It took about three hours to arrive at my destination–the studios of KCUR 89.3 in Kansas City, Missouri, an affiliate of NPR, National Public Radio. Now 11 a.m. Friday, July 19, 2019, I am in a recording studio. It’s kinda cool to sit in front of a funky-looking microphone and listen through headphones to what is being said, what I am saying.
This is an interview for part of an upcoming series of NPR podcasts about lesser known community histories. Producer Suzanne Hogan contacted me for this interview after reading my book JIM aka The Wonder Dog. Jim was an actual dog that lived in Missouri from 1925-1937. He had some very unusual talents which have never been explained, even today. Although Jim lived in three towns in Missouri, Marshall is the community that has taken Jim to heart and is doing what it can to keep the dog’s memory alive. There is a Jim the Wonder Dog park located in the exact spot where the Ruff Hotel was. That also happens to be where Jim lived. There is a museum next to the park.
My interview is scheduled to be aired in November 2019.
Stay tuned.
PS: A note from Suzanne: “The interview sounds good.”

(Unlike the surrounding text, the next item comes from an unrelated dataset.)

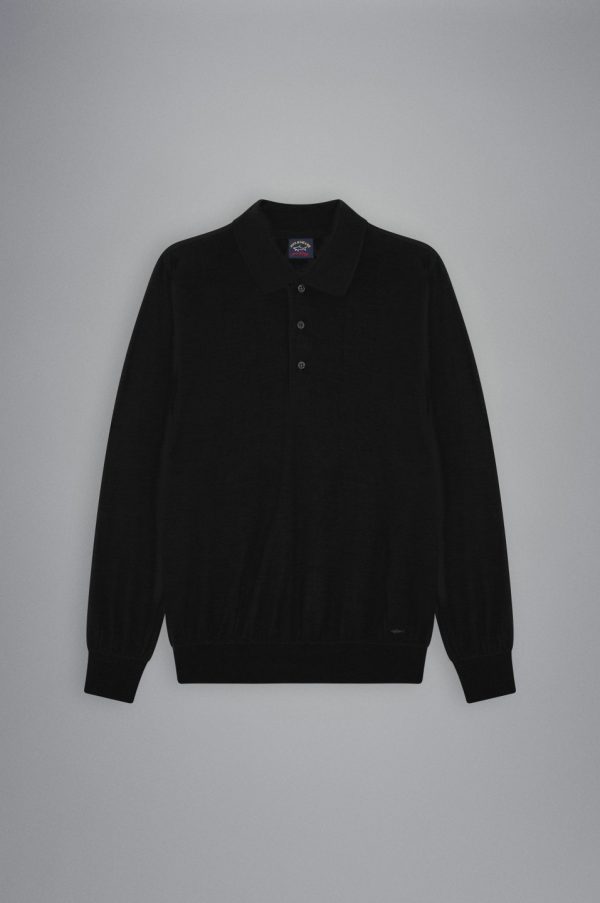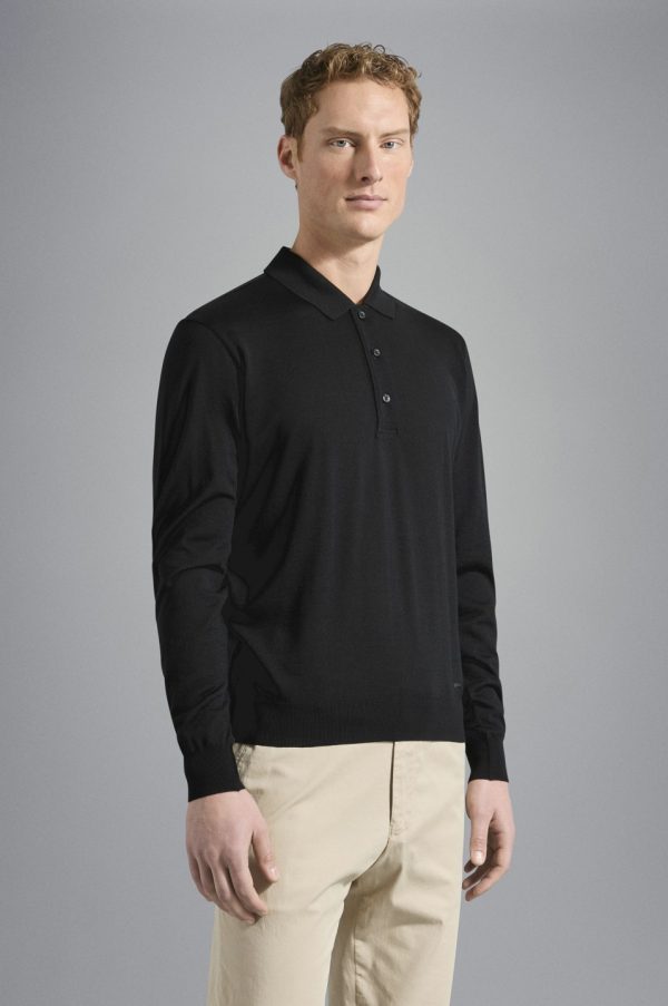 Extra Fine Winter-Summer Merino Wool Polo Black | Men Paul & Shark Knitwear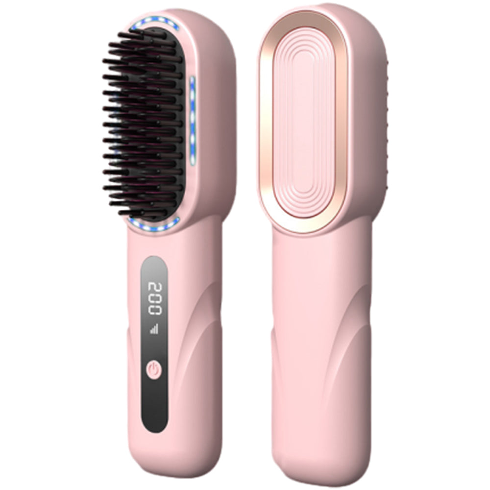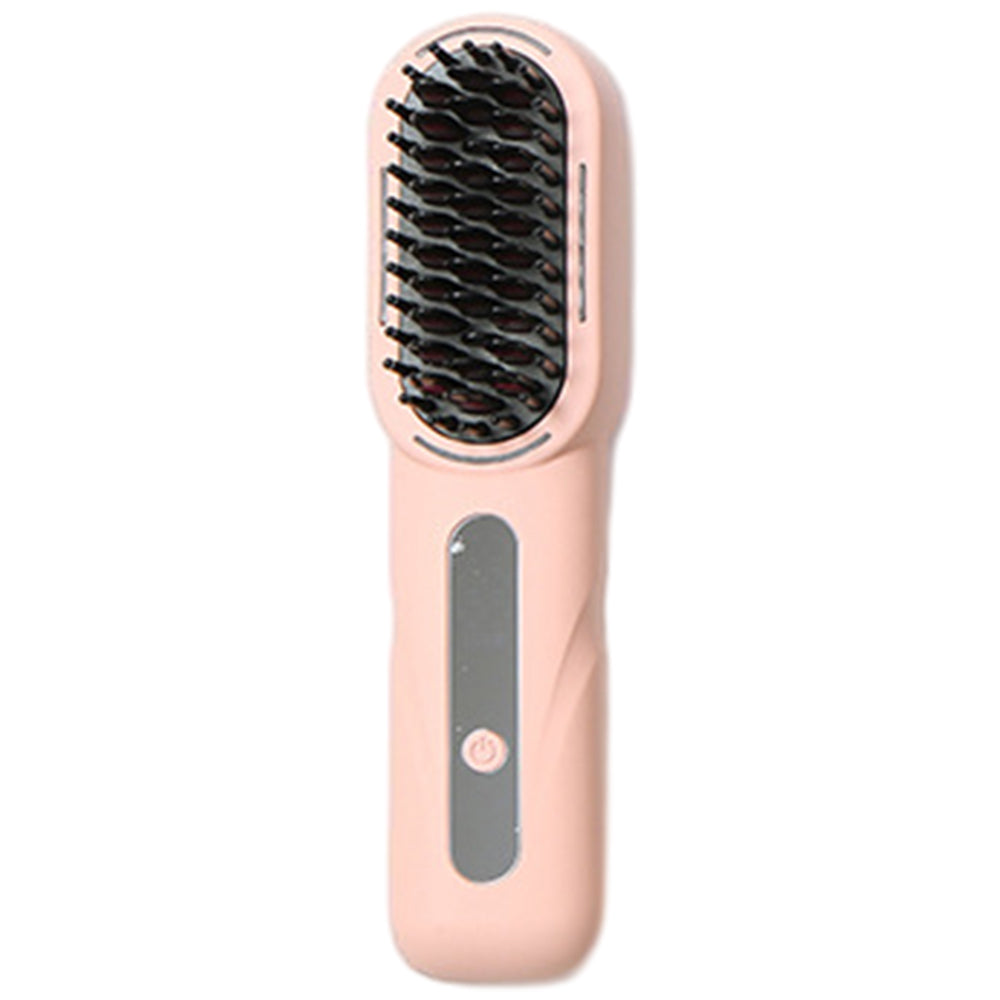 Cordless Hair Straightener Brush Portable Heated Straightening Comb Pink

When I was a 20-something I lived in Marshall, MO, and worked in an office of the Missouri Valley College there in Marshall. One day in the office all the buzz was about a discovery the newly hired librarian had made. It seems the former librarian, who had retired, had placed a stack of books in the vault “never to be placed on the college bookshelves.” Among her personally banned books was one written in 1942 by Clarence Dewey Mitchell titled Jim The Wonder Dog.